Well to wake value of using EGCS
In a study published in June by Norway’s SINTEF, one of Europe’s largest independent research organizations, Chief Scientist Dr. Elizabeth Lindstad concluded that from well-to-wake the continued use of heavy fuel oil (HFO) with a scrubber is the most environmentally beneficial means of meeting GHG emissions targets.
After detailing findings from research involving full scale testing on a number of newbuild vessels, Lindstad said that: “[Studies] indicate that two-stroke engines with Exhaust Gas Recirculation (EGR) and scrubbers represent the most cost- and GHG-effective way of meeting both IMO Tier 3 NOx rules and the 2020 sulfur cap.”

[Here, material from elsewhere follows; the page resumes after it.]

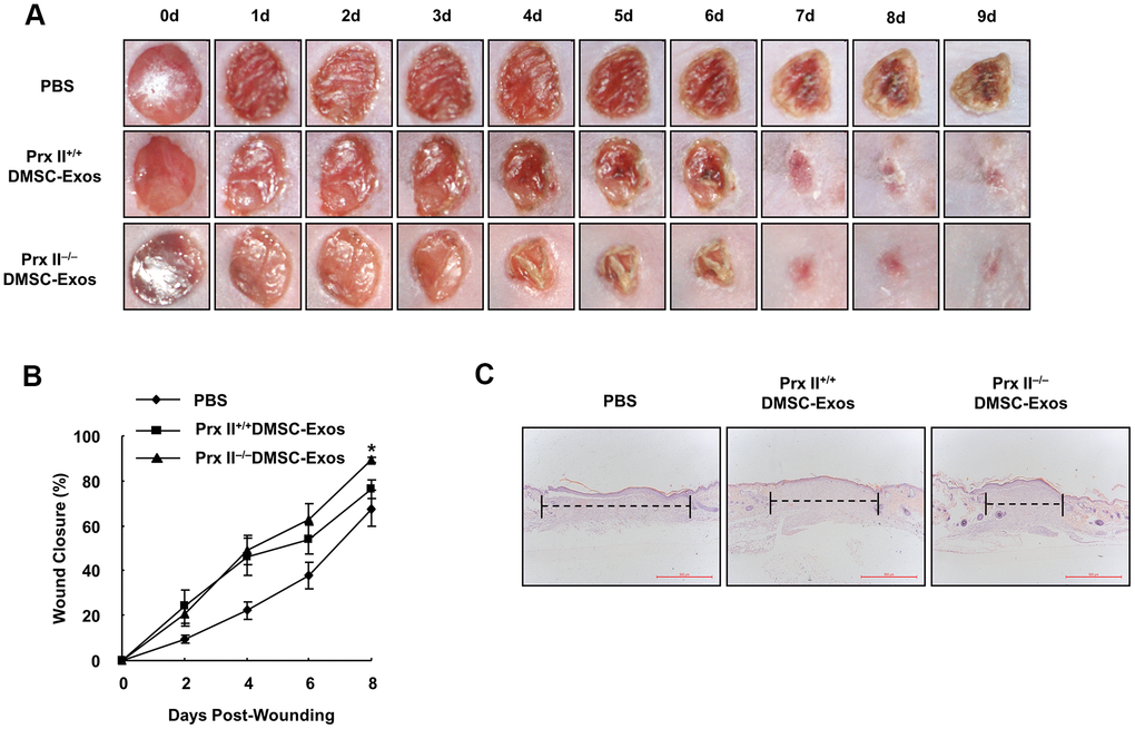 Prx II deletion promoted DMSC-Exo-based skin wound healing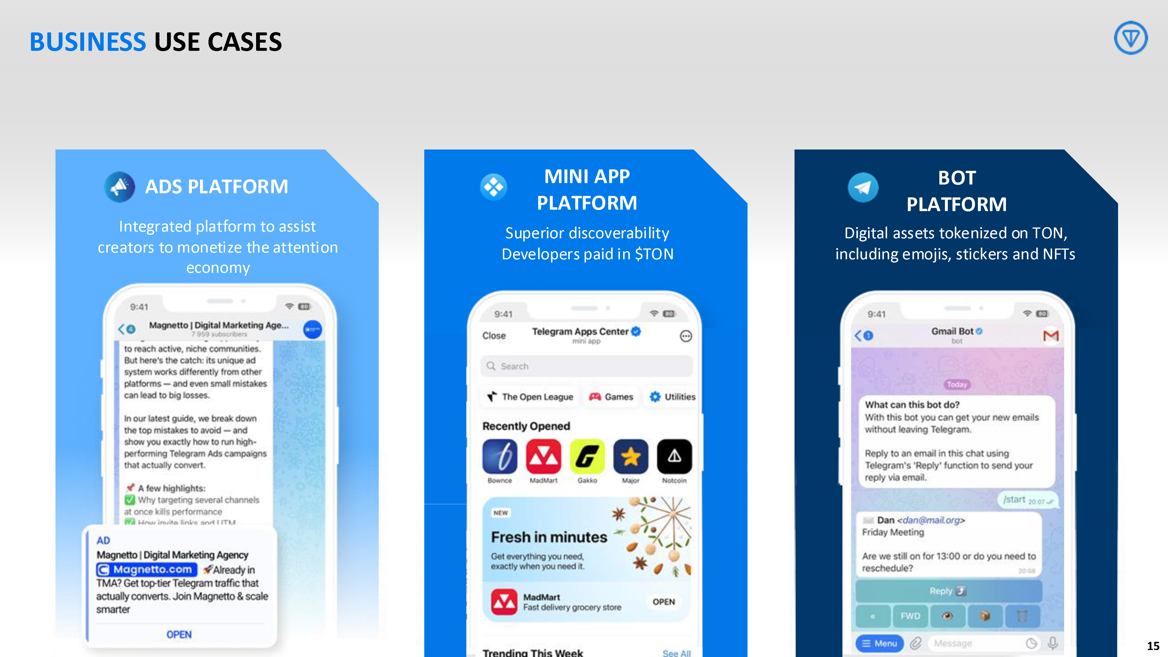 | ● | Telegram alignment – Mr. Stotz positioned $TON as the economic backbone of Telegram, giving its billion-plus digital citizens the ability to transact, hold stablecoins, and access applications within the messaging platform. Mr. Stotz compared this dynamic to the super app evolution in Asia, suggesting $TON could enable Telegram to leapfrog Western peers in payments and digital property. | |

Her views are based on consideration of the energy consumed, and therefore CO2 released, during the global production of distillate fuels. “With new modern refineries set up to convert crude into higher priced products, high sulfur fuel oil (HSFO) will, from 2020, be delivered from existing refineries where its share of energy consumption can be considered to be next to nothing. The explanation is that the heavy bunker oil coming out from the refinery is the bottom of the barrel. If we acknowledge the lower energy consumption in delivering HSFO and deduct the refining we get nine to 10g of CO2 equivalent per MJ for HFO, rather than 13 to 15 of CO2 equivalent per MJ for LSFO/MGO.”
Lindstad also believes that emissions abatement rules need to be reviewed to consider pollution problems in different areas. “To meet climate targets, i.e. reduce global GHG emissions, we can no longer afford to have standards that are strict in areas where we do not have local pollution problems, while areas with high pollution may need even stricter rules than today.”
The industry body Clean Shipping Alliance 2020 (CSA2020) has welcomed Lindstad’s work. Executive Director Ian Adams said the industry has long realized that there is an energy penalty differential in the production of fuels. “Using higher sulfur fuels with an exhaust gas cleaning system will have a beneficial impact on the global reduction of sulfur and nitrogen oxides emissions and also on greenhouse gas (GHG) emissions.”
According to Adams, there is also a significant benefit from reduced particulates in emissions. “With reduced particulates in exhaust emissions of 75 percent or more, the combination of dramatically reduced SOx and particulates makes a big difference in improved air quality and lower health risks,” he said.
“This study provides further scientific evidence that both local SOx and NOx to air and global CO2 emissions will be reduced by the expanded use of HFO with exhaust gas cleaning systems in the marine fleet, with benefits to the marine and port environments and, of course, human health.”